The volatility of energy prices and increased regulations may have an adverse impact on our gross margin. Over recent years, fuel prices have been extremely volatile; many shipping companies have passed on increased prices to their customers by way of higher base pricing and increased fuel surcharges. In the future, if fuel prices increase, we expect to experience higher shipping rates and fuel surcharges, as well as energy surcharges on our raw materials. It is difficult to predict future energy prices and their impact on our business. Due to the price sensitivity of our products, we may not be able to pass such increases on to our customers, to the detriment of our operating results.

 

Disruption within our supply chain, contract manufacturing or distribution channels, once established, could have an adverse effect on our business, financial condition and results of operations. Our ability, through our suppliers, business partners, contract manufacturers, independent distributors and retailers, to make, move and sell products will be critical to our success. Any future damage or disruption to our suppliers or to manufacturing or distribution capabilities due to weather, natural disaster, fire or explosion, terrorism, pandemics, such as influenza COVID-19, labor strikes or other reasons, could impair the manufacture, distribution and sale of our products. Many of these events are outside of our control. Failure to take adequate steps to protect against or mitigate the likelihood or potential impact of such events, or to manage effectively such events if they occur, could adversely affect our business, financial condition and results of operations.

 

We will rely upon relationships with key flavor suppliers. If we are unable to source our flavors on acceptable terms from our key suppliers, we could suffer disruptions in our business. Generally, flavor suppliers hold the proprietary rights to their flavor-specific ingredients.
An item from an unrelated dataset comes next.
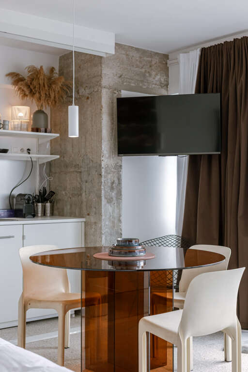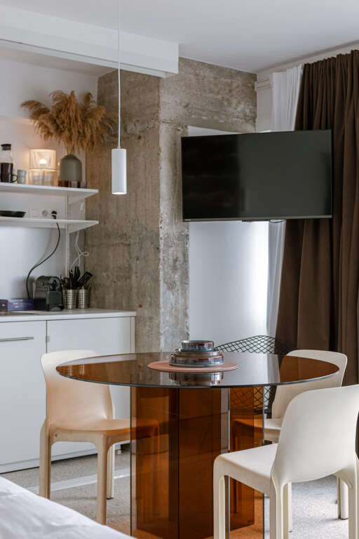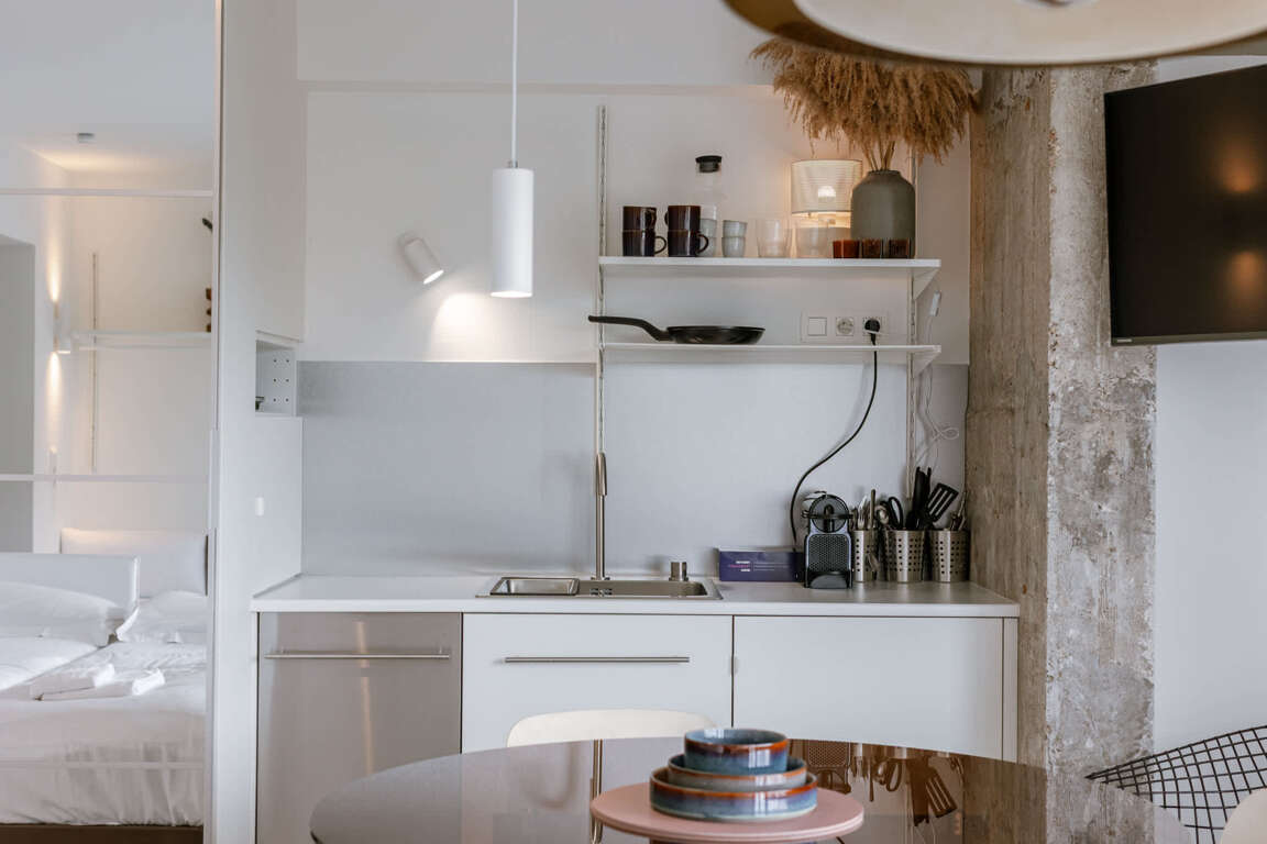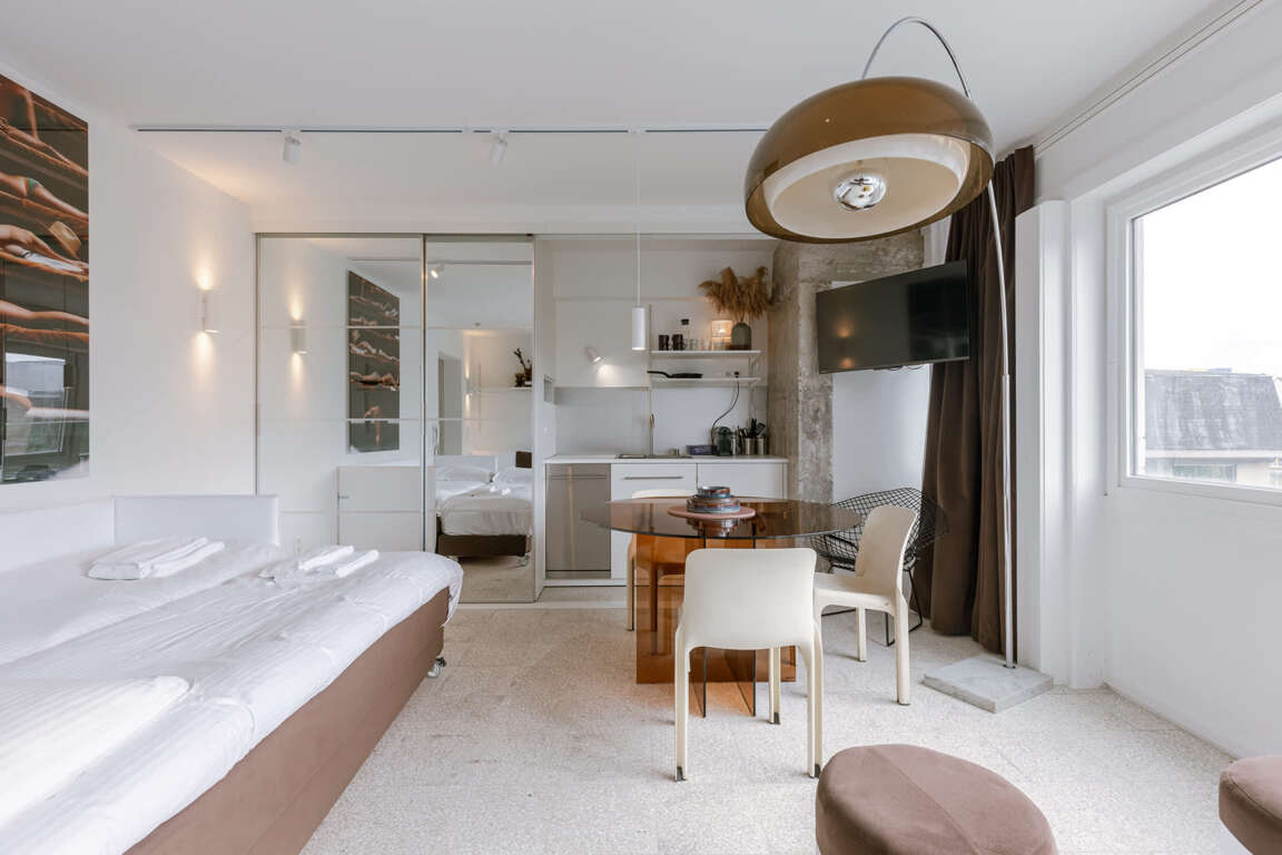 Modern short-term vacation rental by Huswell - Studio 14. Ultimate comfort guaranteed by high-end amenities: Dishwasher, Washer/Dryer, Internet Access, and Television.

Although we will have the exclusive rights to flavor concentrates developed by us, and while we will have the rights to the ingredients for our products, we will not possess the list of ingredients for our flavor extracts and concentrates. Consequently, we may be unable to obtain these exact flavors or concentrates from alternative suppliers on short notice. If we have to replace a flavor supplier, we could experience disruptions in our ability to deliver products to our customers, which could have a material adverse effect on our results of operations.

 

If we fail to protect our trademarks and trade secrets, we may be unable to successfully market our products and compete effectively. We will rely on a combination of trademark and trade secrecy laws, confidentiality procedures and contractual provisions to protect our intellectual property rights. Failure to protect our intellectual property could harm our brand and our reputation, and adversely affect our ability to compete effectively. Further, enforcing or defending our intellectual property rights, including our trademarks, copyrights, licenses and trade secrets, could result in the expenditure of significant financial and managerial resources. We believe our intellectual property, particularly our trademarks and trade secrets, will be of considerable value and importance to our business and our success, and we intend to pursue actively the registration of our trademarks in the United States. However, the steps taken by us to protect these proprietary rights may not be adequate and may not prevent third parties from infringing or misappropriating our trademarks, trade secrets or similar proprietary rights. In addition, other parties may seek to assert infringement claims against us, and we may have to pursue litigation against other parties to assert our rights. Any such claim or litigation could be costly. In addition, any event that would jeopardize our proprietary rights or any claims of infringement by third parties could have a material adverse effect on our ability to market or sell our brands, profitably exploit our products or recoup our associated research and development costs.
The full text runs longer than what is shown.